Required work | Beginning with the line of the entries below that holds "Self-stretch of arm" and ending with the line that holds "Above: 1860s Hearse", transcribe each line exactly as written. Pictures stay out.

Data |
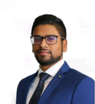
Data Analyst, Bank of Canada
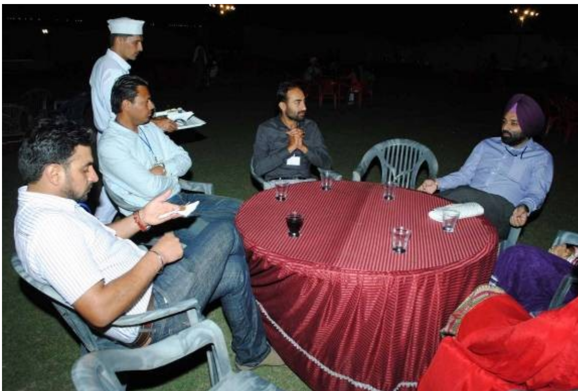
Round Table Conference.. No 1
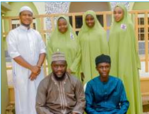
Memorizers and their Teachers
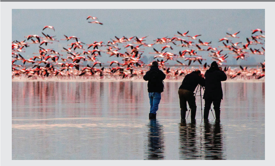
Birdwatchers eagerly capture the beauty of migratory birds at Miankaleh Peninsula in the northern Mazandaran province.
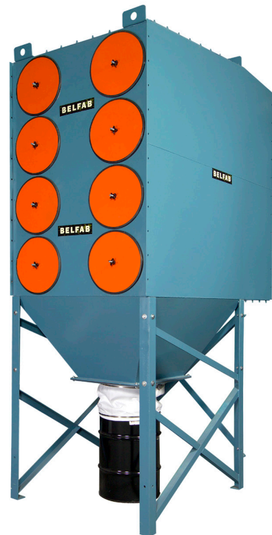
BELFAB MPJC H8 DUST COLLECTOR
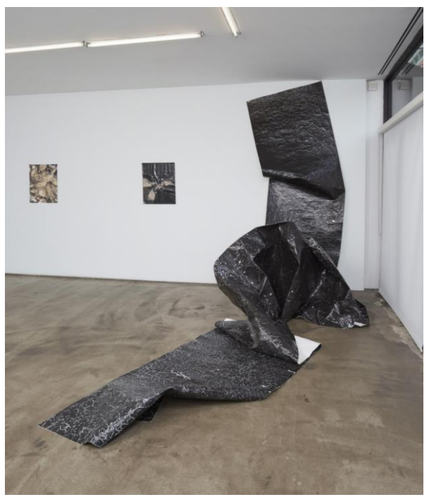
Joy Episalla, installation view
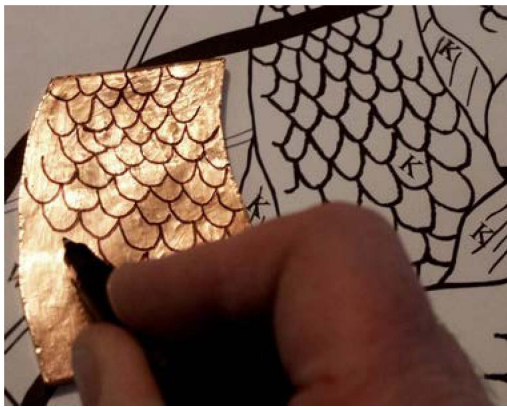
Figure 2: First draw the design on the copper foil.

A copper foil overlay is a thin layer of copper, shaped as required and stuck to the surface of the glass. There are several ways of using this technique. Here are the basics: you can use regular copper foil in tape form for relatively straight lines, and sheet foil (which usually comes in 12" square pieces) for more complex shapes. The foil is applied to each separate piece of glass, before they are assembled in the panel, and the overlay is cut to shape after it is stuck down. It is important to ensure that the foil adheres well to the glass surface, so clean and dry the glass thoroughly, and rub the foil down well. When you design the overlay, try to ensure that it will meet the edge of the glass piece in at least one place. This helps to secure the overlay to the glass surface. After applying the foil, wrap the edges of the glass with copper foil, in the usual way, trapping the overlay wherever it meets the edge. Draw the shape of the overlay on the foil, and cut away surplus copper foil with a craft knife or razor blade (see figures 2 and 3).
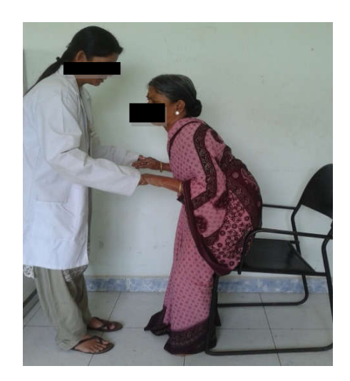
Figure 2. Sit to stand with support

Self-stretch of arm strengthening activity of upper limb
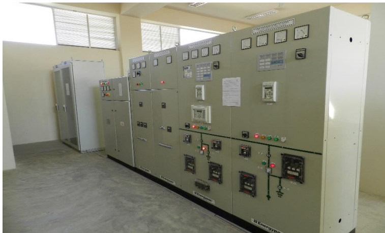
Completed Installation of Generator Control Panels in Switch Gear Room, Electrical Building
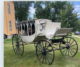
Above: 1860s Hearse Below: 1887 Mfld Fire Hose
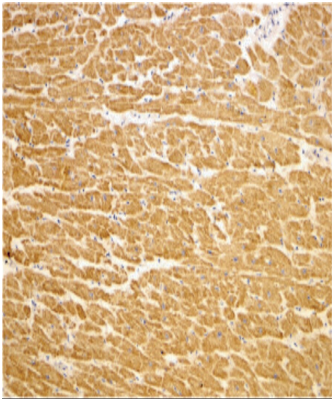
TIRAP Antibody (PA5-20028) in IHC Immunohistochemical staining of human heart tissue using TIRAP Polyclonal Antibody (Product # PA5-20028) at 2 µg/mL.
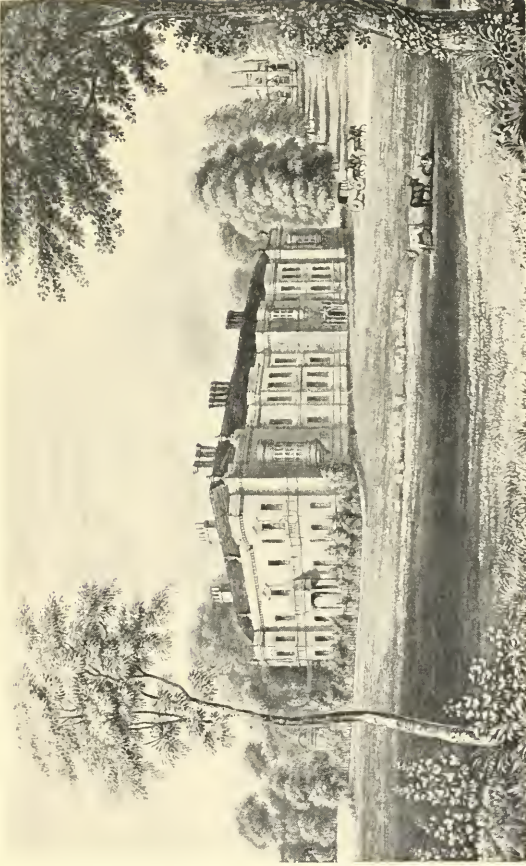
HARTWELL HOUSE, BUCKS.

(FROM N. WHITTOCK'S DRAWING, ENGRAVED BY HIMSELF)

Solution |
Self-stretch of arm strengthening activity of upper limb
Completed Installation of Generator Control Panels in Switch Gear Room, Electrical Building
Above: 1860s Hearse Below: 1887 Mfld Fire Hose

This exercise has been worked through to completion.